More significantly, prior rRT-PCR assays, such as the SARS-CoV-2-RdRp-P2 assay of Corman V. M. et al., have been found to lack specificity for SARS-CoV-2 (cross-reacting with SARS-CoV or other pathogens) (Chan, J. F. et al. (2020) “Improved Molecular Diagnosis Of COVID-19 By The Novel, Highly Sensitive And Specific COVID-19-RdRp/Hel Real-Time Reverse Transcription-Polymerase Chain Reaction Assay Validated In Vitro And With Clinical Specimens,” J. Clin. Microbiol. JCM.00310-20) and to provide a significant number of false negative results (Li, Z. et al. (2020) “Development and Clinical Application of A Rapid IgM-IgG Combined Antibody Test for SARS-CoV-2 Infection Diagnosis,” J. Med. Virol. doi: 10.1002/jmv.25727).

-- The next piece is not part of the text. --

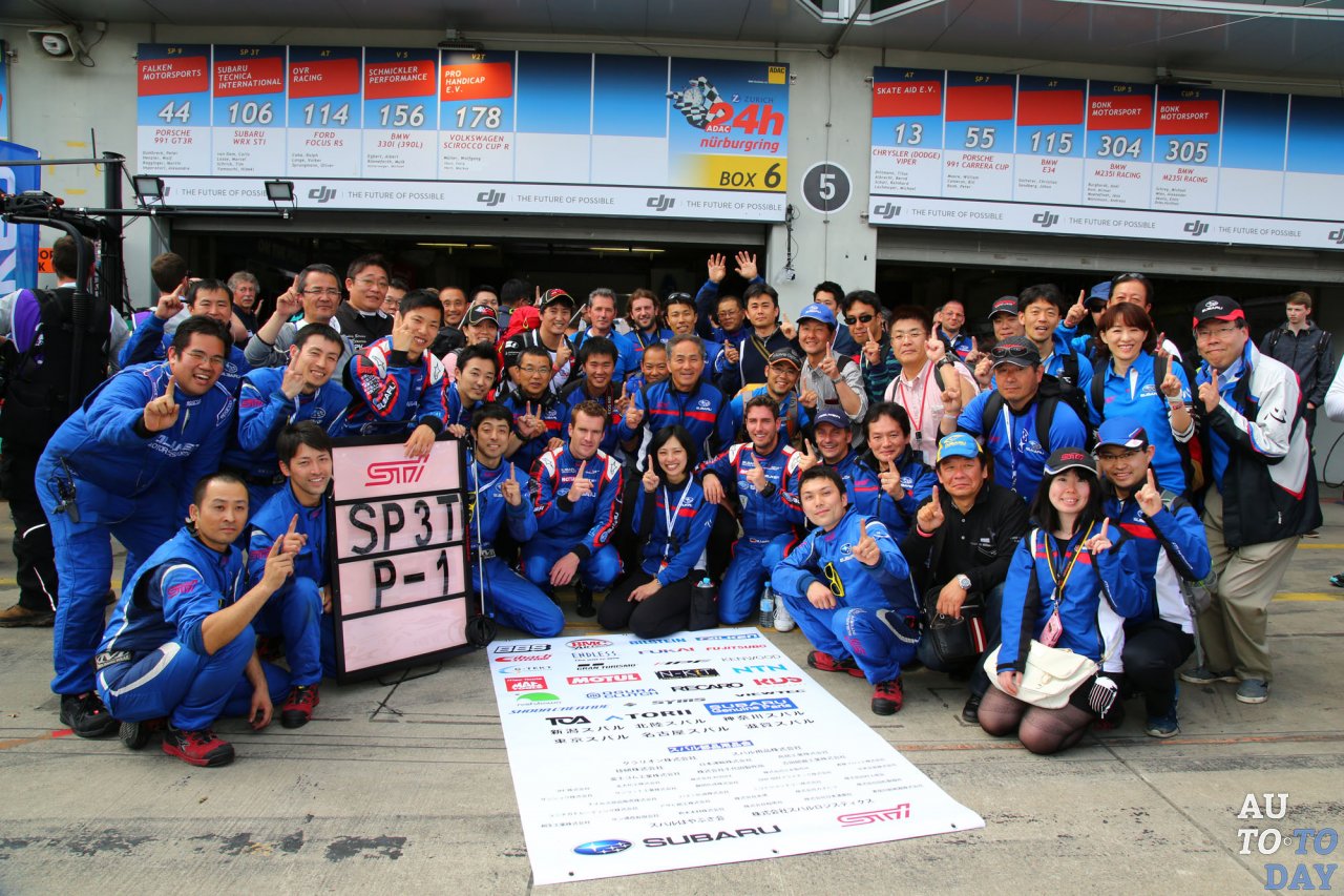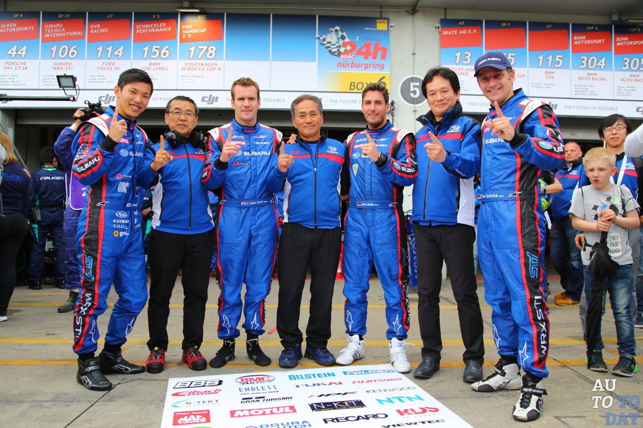 К победе команду Subaru привели пилоты Хидеки Ямаучи (Япония), Марсель Лассе (Германия) и Карло ван Дам (Нидерланды) и Тим Шрик (Германия) и менеджер Хидехару Тацуми. Для компании эта победа на Нюрбургринге стала уже четвертой по счету за девять лет участия и второй подряд после прошлогоднего успеха.
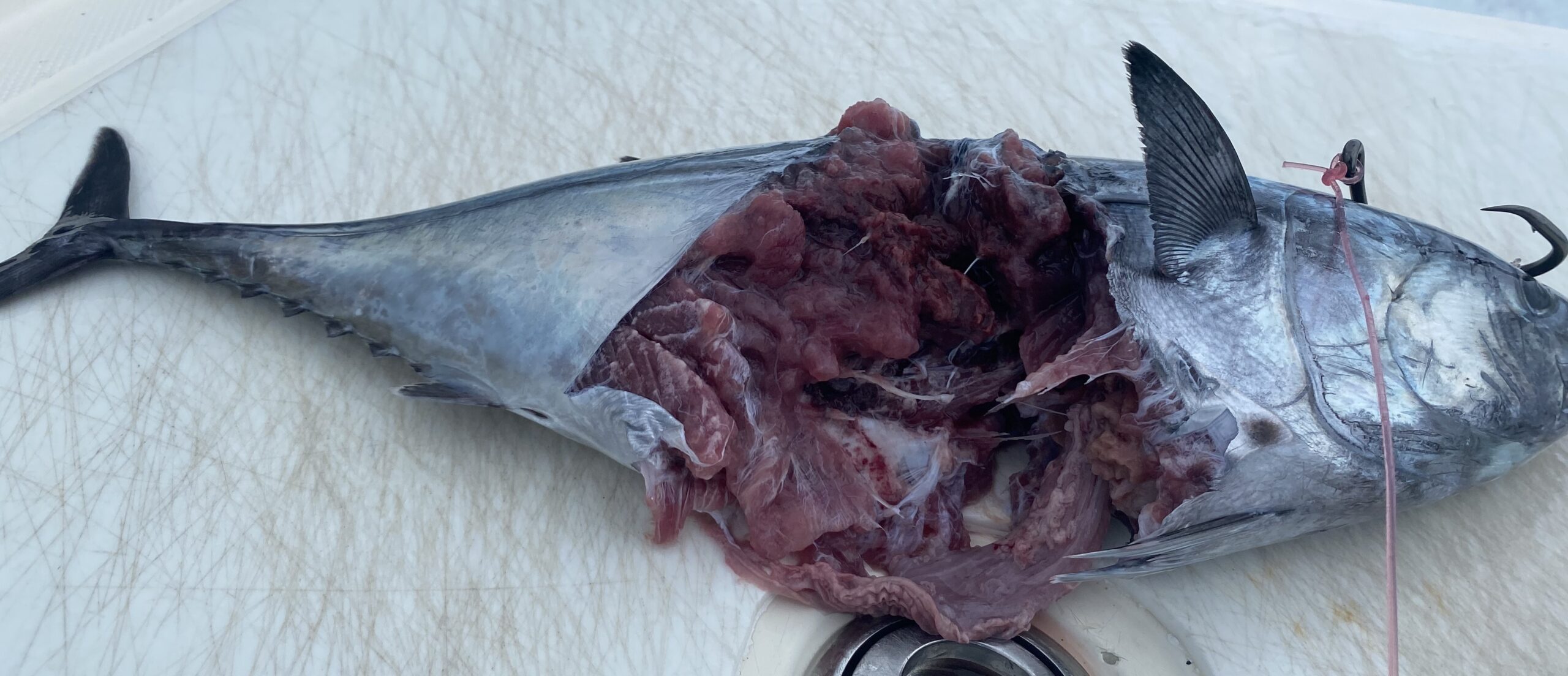 Bonito would die rapidly were you to place them in a standard bait tank. In tuna tubes, bonito may live for hours—especially if they were not hooked deeply. If a bonito comes up bleeding or is hooked bad, you may notice the crew keep it separate. Dead bonito make great snapper bait…

For example, a retrospective analysis of 4880 clinically-identified COVID-19 patients. Samples obtained from the respiratory tracts of the patients were subjected to rRT-PCR amplification of the SARS-CoV-2 open reading frame 1ab (ORF1ab) and nucleocapsid protein (N) genes. Nasal and pharyngeal swabs of patients were evaluated for COVID-19 using a quantitative rRT-PCR (qRT-PCR) test. Only 38.42% (1875 of 4880) of actual COVID-19 patients were identified as positive using the rRT-PCR test. Of those testing positive, 39.80% were positive as determined by probes of the SARS-CoV-2 N gene and 40.98% were positive as determined by probes of the SARS-CoV-2 ORF1 ab (Liu, R. et al. (2020) “Positive Rate Of RT-PCR Detection Of SARS-CoV-2 Infection In 4880 Cases From One Hospital In Wuhan, China, From January To February 2020,” Clinica Chimica Acta 505:172-175).

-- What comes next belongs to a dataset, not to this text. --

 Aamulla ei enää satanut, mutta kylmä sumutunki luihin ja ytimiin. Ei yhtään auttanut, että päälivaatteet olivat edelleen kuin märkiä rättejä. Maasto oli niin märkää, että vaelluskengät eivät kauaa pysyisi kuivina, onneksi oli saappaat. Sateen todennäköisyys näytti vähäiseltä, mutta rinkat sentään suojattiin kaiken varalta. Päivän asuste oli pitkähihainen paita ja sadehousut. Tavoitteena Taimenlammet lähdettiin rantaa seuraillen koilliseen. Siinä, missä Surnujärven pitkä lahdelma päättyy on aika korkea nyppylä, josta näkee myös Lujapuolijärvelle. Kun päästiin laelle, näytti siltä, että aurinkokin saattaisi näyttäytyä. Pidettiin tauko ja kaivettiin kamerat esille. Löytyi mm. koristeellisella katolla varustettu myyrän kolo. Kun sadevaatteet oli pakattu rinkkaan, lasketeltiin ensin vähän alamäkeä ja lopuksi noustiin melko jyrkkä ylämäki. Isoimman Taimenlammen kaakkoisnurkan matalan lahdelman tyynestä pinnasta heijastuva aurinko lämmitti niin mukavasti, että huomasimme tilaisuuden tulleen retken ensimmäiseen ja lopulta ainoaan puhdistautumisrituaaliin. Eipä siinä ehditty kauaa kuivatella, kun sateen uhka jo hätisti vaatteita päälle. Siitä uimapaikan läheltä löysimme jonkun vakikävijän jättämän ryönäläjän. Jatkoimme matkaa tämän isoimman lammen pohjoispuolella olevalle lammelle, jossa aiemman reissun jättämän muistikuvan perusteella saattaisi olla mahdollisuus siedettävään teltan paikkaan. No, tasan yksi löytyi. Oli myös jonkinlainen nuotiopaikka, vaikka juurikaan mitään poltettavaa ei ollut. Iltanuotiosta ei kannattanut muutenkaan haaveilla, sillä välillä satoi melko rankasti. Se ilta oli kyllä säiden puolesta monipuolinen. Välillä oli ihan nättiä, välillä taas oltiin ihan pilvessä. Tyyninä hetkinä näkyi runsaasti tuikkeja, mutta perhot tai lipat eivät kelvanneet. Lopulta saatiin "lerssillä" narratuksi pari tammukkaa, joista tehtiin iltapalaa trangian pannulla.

The study of Chan, J. F. et al. (2020) (“Improved Molecular Diagnosis Of COVID-19 By The Novel, Highly Sensitive And Specific COVID-19-RdRp/Hel Real-Time Reverse Transcription-Polymerase Chain Reaction Assay Validated In Vitro And With Clinical Specimens,” J. Clin. Microbiol. JCM.00310-20. doi: 10.1128/JCM.00310-20) found that of 273 specimens from 15 patients with laboratory-confirmed COVID-19, only 28% were SARS-CoV-2 positive by both the SARS-CoV-2-RdRp/Hel and RdRp-P2 assays. The SARS-CoV-2-RdRp/Hel assay was more sensitive, but still confirmed only 43.6% of the patients as having SARS-CoV-2 infection.

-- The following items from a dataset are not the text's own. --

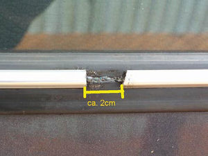 Ein kurzes Stück in die Dichtung einschieben (oben oder unten in der Mitte der Scheibe, ist „Wurscht“)...
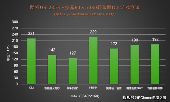 其实对于RTX 5080这种规格的显卡,再加上DLSS 4多帧生成黑科技,完全不用担心游戏不能玩或是帧率不够什么的。1080P和2K分辨率已然没有必要测试,我们直接从4K分辨率、最高画质、开启光线追踪、DLSS性能档的设定下(如游戏支持则开启4x帧生成),简单测试了《CS2》《怪物猎人荒野》《黑神话:悟空》《古墓丽影:暗影》《F1@24》《赛博朋克2077》《战争机器5》等几款具有代表性的游戏。
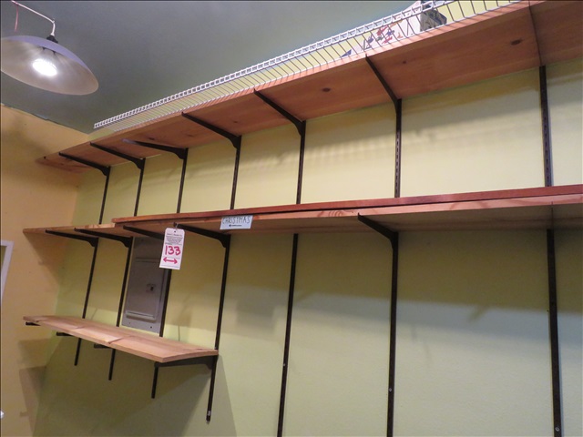 LOT, WOOD SHELVES & BRACKETS ON THIS WALL
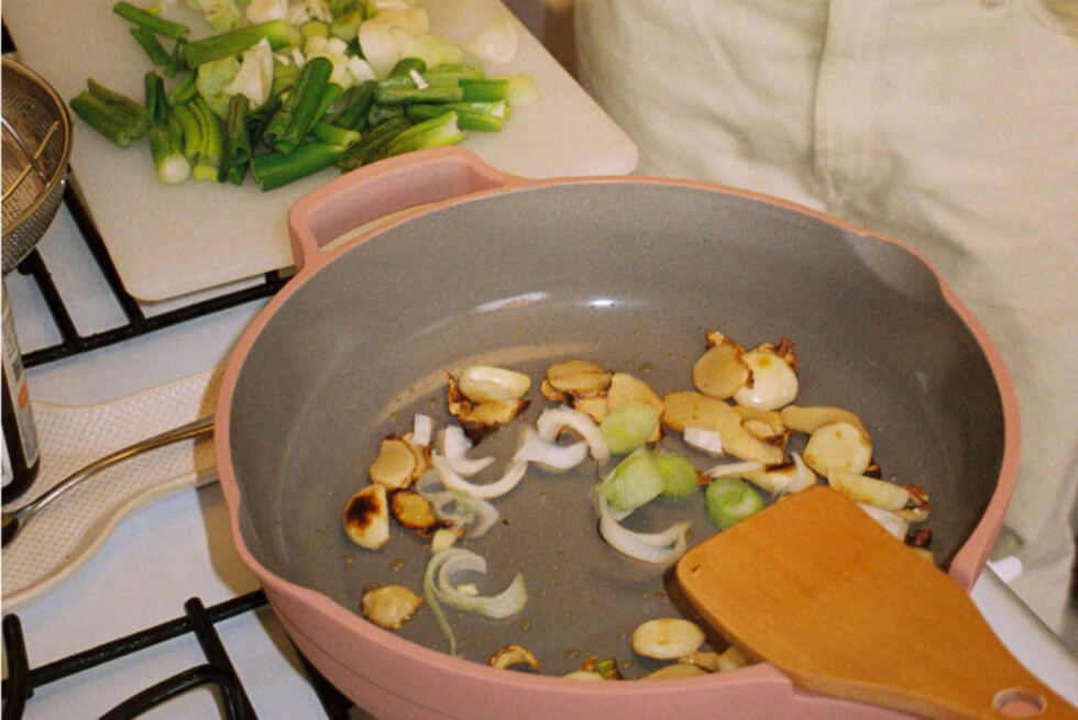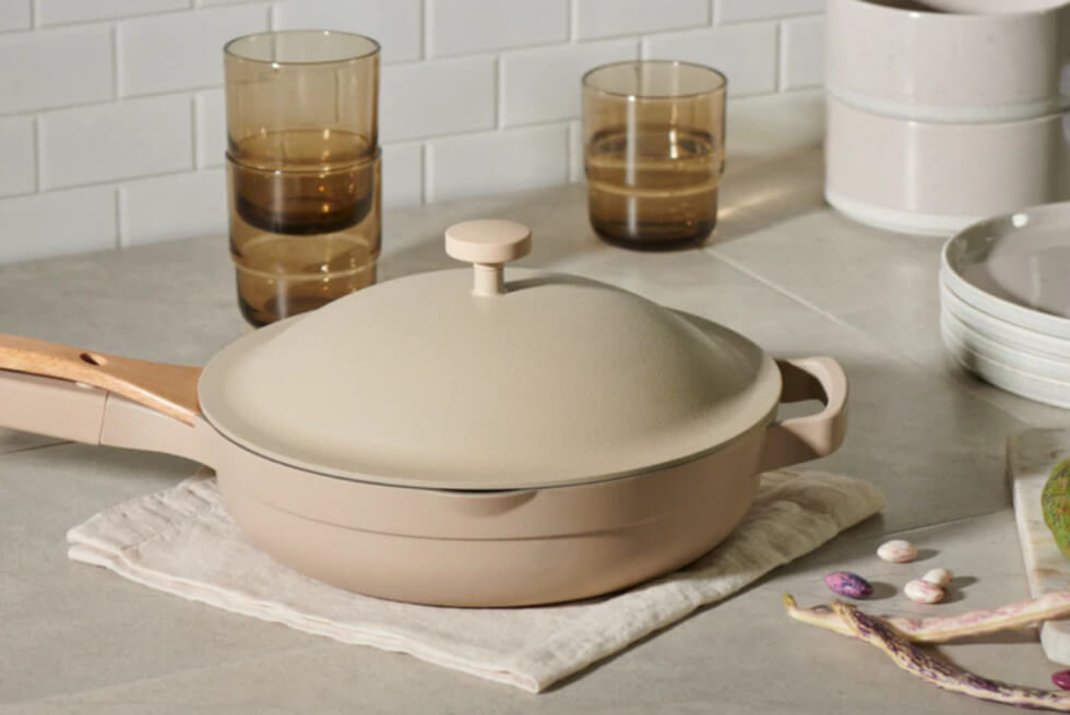 On the other hand, Our Place is crafting the Always Pan out of aluminum, which boasts exceptional thermal conductivity. It measures 10″ x 2.7″ with a 2.6-quart capacity and weighs only 3 lbs. The manufacturer is marketing it as a versatile replacement for your “fry pan, saute pan, steamer, skillet, saucier, saucepan, nonstick pan.”
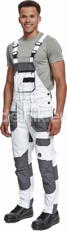 pánské pracovní kalhoty s laclem; elastický inovativní materiál TRIFIBETEX; ergonomický střih; pružný pas; odolné trojité prošití nohavic a sedu; zesílená oblast kolen s možností vkládání kolenních výztuh; prostorné multifunkční přední kapsy s poutky na nářadí; 2 zadní kapsy s klopou zesílené Oxfordem; stehenní kapsa na telefon s klopou a zapínáním na suchý zip; kapsa na metr a nůž; poutko na kladivo; "D" kroužek; poutko na nářadí v pase; reflektivní prvky v barevném odstínu; nastavitelná délka nohavic; svrchní materiál: 62 % bavlna, 35 % polyester, 3 % elastan, 260 g/m², TRIFIBETEX; svrchní zesílená vrstva: 100 % polyester
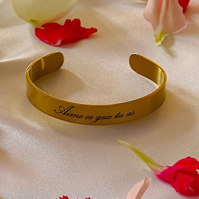 Manchette acier inoxydable doré avec gravure personnalisée

In a different study, RNA was extracted from 1070 clinical samples of 205 patients suffering from COVID-19. Real-time reverse transcription-PCR (rRT-PCR) was then used to amplify SARS-CoV-2 ORF1ab in order to confirm the COVID-19 diagnosis (Wang, W. et al. (2020) (“Detection of SARS-CoV-2 in Different Types of Clinical Specimens,” JAMA doi: 10.1001/jama.2020.3786). Bronchoalveolar lavage fluid specimens were reported to exhibit the highest positive rates (14 of 15; 93%), followed by sputum (72 of 104; 72%), nasal swabs (5 of 8; 63%), fibrobronchoscope brush biopsy (6 of 13; 46%), pharyngeal swabs (126 of 398; 32%), feces (44 of 153; 29%), and blood (3 of 307; 1%). None of the 72 urine specimens tested indicated a positive result. Thus, for example, pharyngeal swabs from such actual COVID-19 patients failed to accurately diagnose SARS-CoV-2 infection in 68% of those tested. Zhang, W. et al. (2020) (“Molecular And Serological Investigation Of 2019-nCoV Infected Patients: Implication Of Multiple Shedding Routes,” Emerg. Microbes Infect. 9(1):386-389) also discloses the presence of SARS-CoV-2 in feces of COVID-19 patients, however, its rRT-PCR assay results showed more anal swab positives than oral swab positives in a later stage of infection, suggesting viral shedding and the capacity of the infection to be transmitted through an oral-fecal route. A similar teaching is provided by Tang, A. et al. (2020) (“Detection of Novel Coronavirus by RT-PCR in Stool Specimen from Asymptomatic Child, China,” Emerg Infect Dis. 26(6). doi: 10.3201/eid2606.200301). This document discloses that RT-PCR assays targeting ORF1ab and nucleoprotein N gene failed to detect SARS-CoV-2 in nasopharyngeal swab and sputum samples, but were able to detect virus in stool samples.

In a further study of individuals suffering from COVID-19, repeated assays for SARS-CoV-2 were also found to report negative results (Wu, X. et al. (2020) (“Co-infection with SARS-CoV-2 and Influenza A Virus in Patient with Pneumonia, China,” 26(6):pages 1-7. The publication teaches that existing assays for SARS-CoV-2 lack sufficient sensitivity, and thus lead to false negative diagnoses.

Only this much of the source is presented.